In any system, you must have a 1 or a multiple of 1. The problem is reduced to what the second coin would be. My solution:

  • Assume denominations can only be multiples of 1, 2 and 5 to be efficient for mental calculations.
  • Calculate a break-even value by a formula that equates (the present value of) the cost of producing coins and banknotes over a period of say 100 years. Note that the main variable in the formulas are the production cost, the useful life and the discount rate if you prefer to work with the present value (I don't)
  • Round up the solution found to the nearest multiple of 1, 2 or 5. Since nothing is specified on banknotes, this is your lowest value banknote
  • Calculate the simple average of the first denomination and the lowest banknote and round to the nearest multiple of 1, 2 or 5. That is the denomination of the second coin.

Example.
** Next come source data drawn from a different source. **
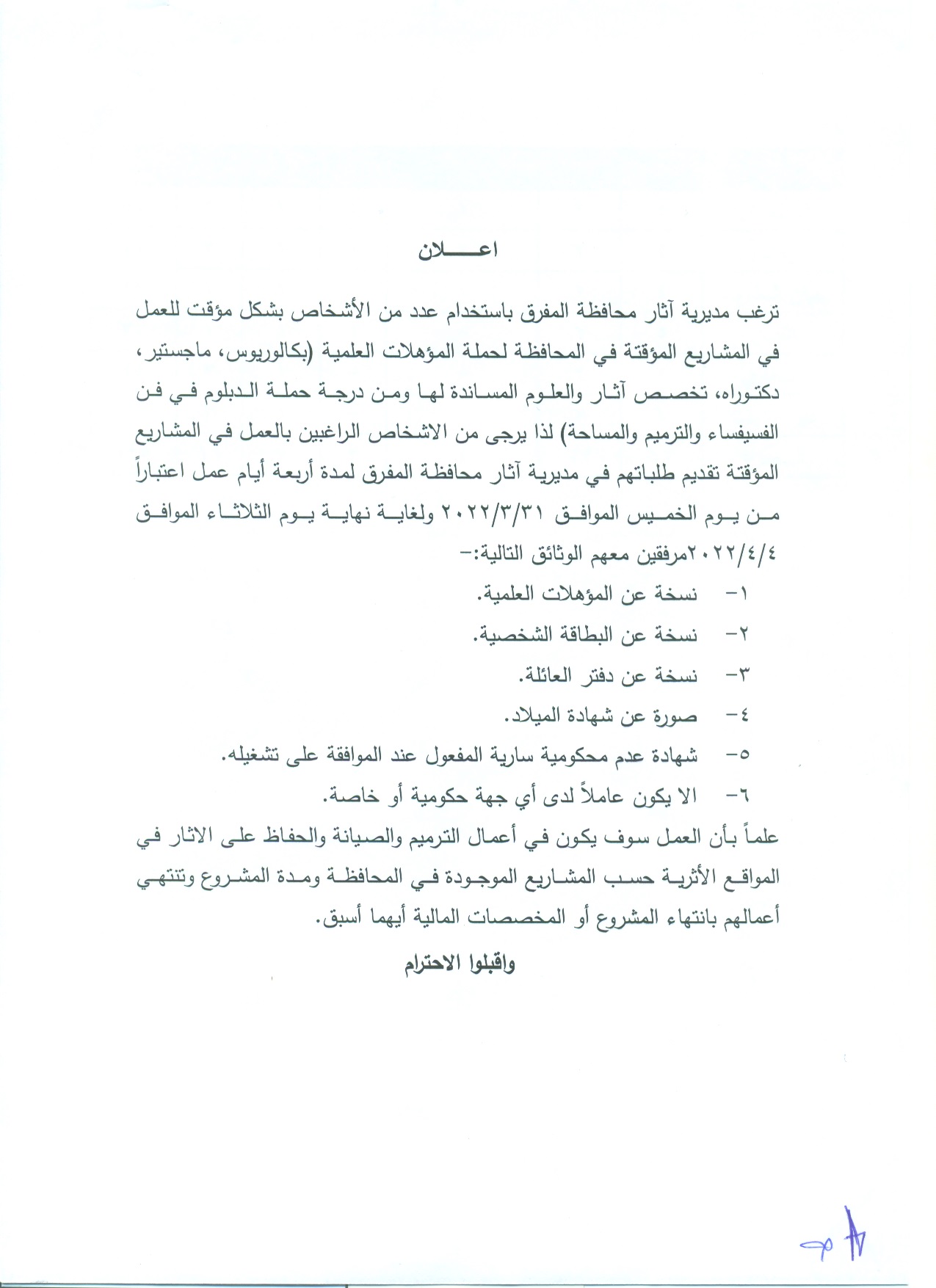 إعلان تشغيل لحساب المشاريع المؤقتة -مديرية اثار محافظة المفرق
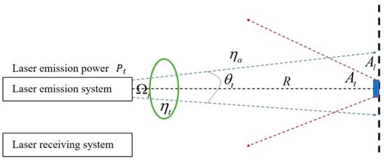 Lidar could measure the range by emitting laser pulses to the target object and processing the laser echo received from the reflective surface. The distance between the target and the lidar is set to be , the divergence angle of the emitted laser beam is set to be , the stereo angle is set to be , the transmittance of the emitting optical system is set to be , the transmittance of the receiving optical system is set to be , and the transmittance of the laser pulse in the atmosphere is set to be . The effective area of the target at the cross-section of the laser beam is , the steric angle is , the cross-sectional area of the laser beam at the target position is , the normal direction of the target is ON, the angle between the optical axis of the launching optical system and the target normal direction ON is , and is the area of the detector’s photosensitive area. The laser emission process is shown in Figure 2.
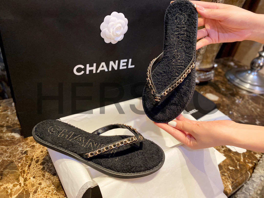 CHANEL CC Chain Long Flat Slippers > 슬리퍼&뮬&샌들
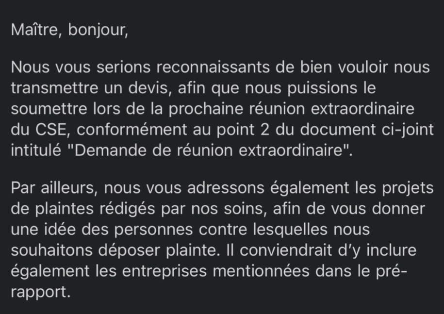 Selon eux, le cabinet sollicité pour l’expertise serait proche de l’intersyndicale. Idem pour l’avocat chargé de déposer plainte, « qui n’est autre que celui de la déléguée syndicale FO dans son affaire qui l’oppose à la SPL Estival aux Prud’hommes. Il y a conflit d’intérêt ». Les membres du Collectif en veulent pour preuve un échange entre l’intersyndicale et l’avocat en question.

Suppose that you find that the equilibrium value for India is 38.8 rupees (making this up). The lowest banknote value would be 50 rupees. The base denomination would be 1 rupee (10 paise makes no sense). The average is 25.5, so the second denomination should 20 rupees. If the equilibrium value would have been 55 rupees, the lowest value banknote would have been 100 rupees and the second denomination would be 50 rupees.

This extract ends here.